=== Work item ===
Copy exactly, and only, the lines from the line containing "대이자율방범대원 10여 명은" through the last line of the records below, both included, and leave out any pictures.

***** Exercise input

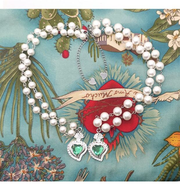 Li SiDanni ダニエラワン愛用グリーンラブネックレスパール ハートクリスタルチェーン ω ビジューラインストーン CHROME HEARTS goro's Justin Davis PUERTA DEL SOL CRAZY PIG THE GREAT FROG Cod 韓流スター 中国アイドル R1SE Cpop Kpop チャイボーグ メイカンフェンダイ 中華 フラワーノーズ Flower Knows ZEESEA ズーシー ファーシーツー Flor 29A31205835104
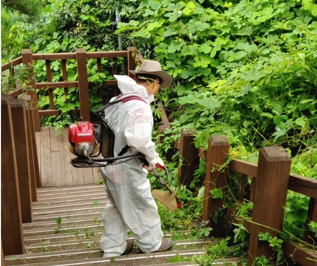 대이자율방범대원 10여 명은 27일 지역에 소재한 대잠근린공원 산책로 잡초제거 및 환경정화 활동을 벌였다.
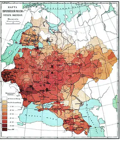 Population density map of the European part of the Russian Empire
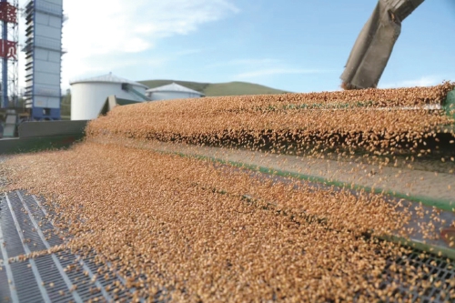 免渡河農(nóng)牧場(chǎng)收獲的小麥正在進(jìn)行篩選,等待烘干后入倉?!⊥踯帯z
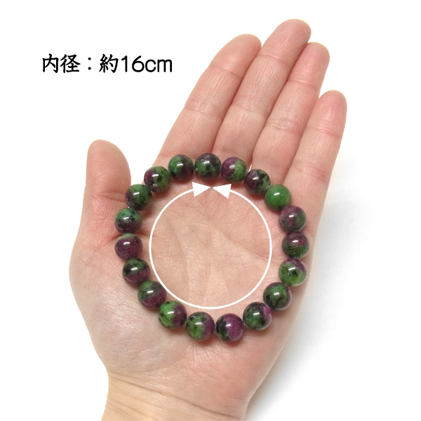ルビーインゾイサイト ブレスレット 10mm玉×19個 内周16cm
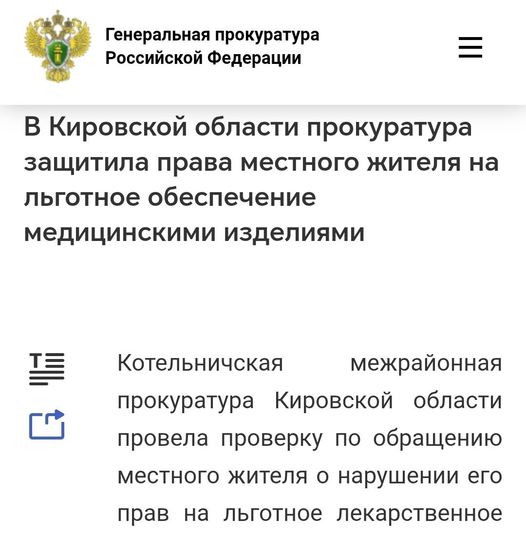 В Котельниче прокуратура защитила права местного жителя на льготное обеспечение медицинскими изделиями
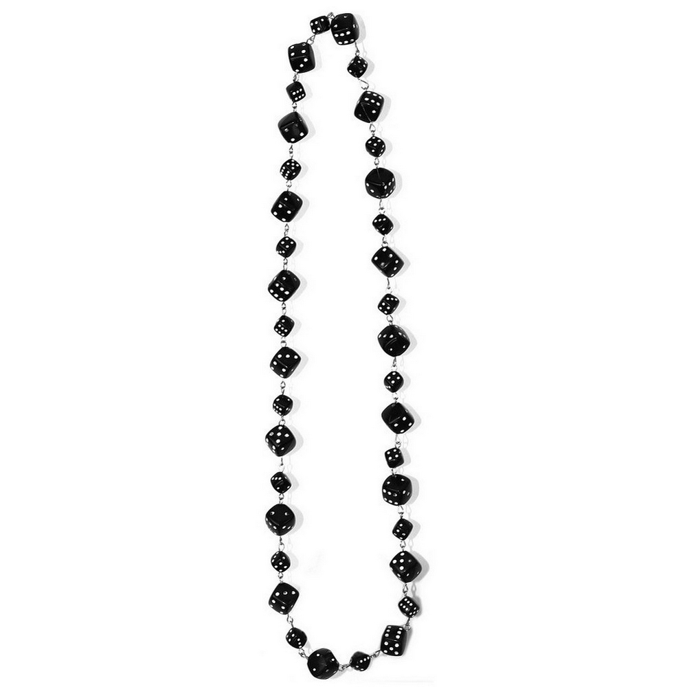 Bead String Necklace Lucky Dice Black & White Made With Resin
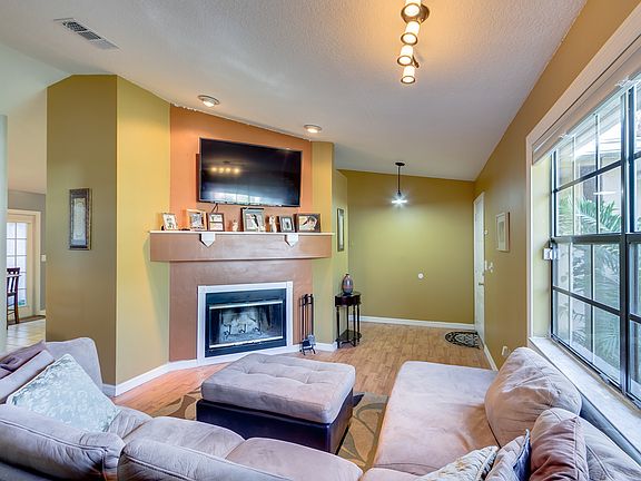 Located in the beautiful Greenbriar Place Community. This spacious 4 bedroom 2 bathroom home has wood laminate flooring in all the bedrooms and living spaces. The eat-in kitchen is tiled with stainless steel appliances and a breakfast bar. There is a gas furnace, gas water heater, and a gas stove. Home has been freshly painted and has a wood burning fireplace! The large fenced backyard has a custom made outside deck perfect for entertaining or just relaxing under the shade from the trees. Conveniently located to grade schools, EFSC, shopping, golfing, and Wickham Park. Home Warranty expires in May 2017 and the owner will pay for another full year! This is a must see! It will not last long!
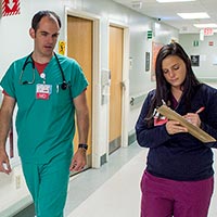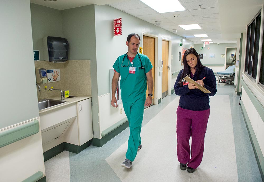 Dr. Allen talks through his medical findings with scribe Delanie Edwards as they walk from one patient room to another.
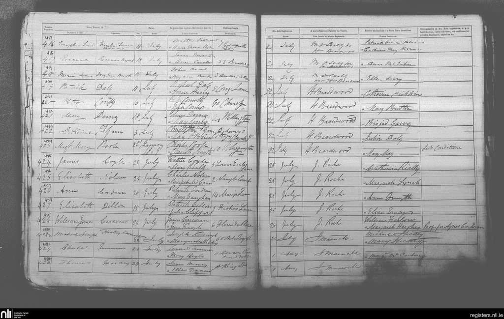 St. Michan's, Dublin city; County of Dublin; Archdiocese of Dublin. Baptisms, July 1870 to Aug. 1870

**********

=== Solution for this problem ===
 대이자율방범대원 10여 명은 27일 지역에 소재한 대잠근린공원 산책로 잡초제거 및 환경정화 활동을 벌였다.
 Population density map of the European part of the Russian Empire
 免渡河農(nóng)牧場(chǎng)收獲的小麥正在進(jìn)行篩選,等待烘干后入倉?!⊥踯帯z
ルビーインゾイサイト ブレスレット 10mm玉×19個 内周16cm
 В Котельниче прокуратура защитила права местного жителя на льготное обеспечение медицинскими изделиями
 Bead String Necklace Lucky Dice Black & White Made With Resin
 Located in the beautiful Greenbriar Place Community. This spacious 4 bedroom 2 bathroom home has wood laminate flooring in all the bedrooms and living spaces. The eat-in kitchen is tiled with stainless steel appliances and a breakfast bar. There is a gas furnace, gas water heater, and a gas stove. Home has been freshly painted and has a wood burning fireplace! The large fenced backyard has a custom made outside deck perfect for entertaining or just relaxing under the shade from the trees. Conveniently located to grade schools, EFSC, shopping, golfing, and Wickham Park. Home Warranty expires in May 2017 and the owner will pay for another full year! This is a must see! It will not last long!
 Dr. Allen talks through his medical findings with scribe Delanie Edwards as they walk from one patient room to another.
 St. Michan's, Dublin city; County of Dublin; Archdiocese of Dublin. Baptisms, July 1870 to Aug. 1870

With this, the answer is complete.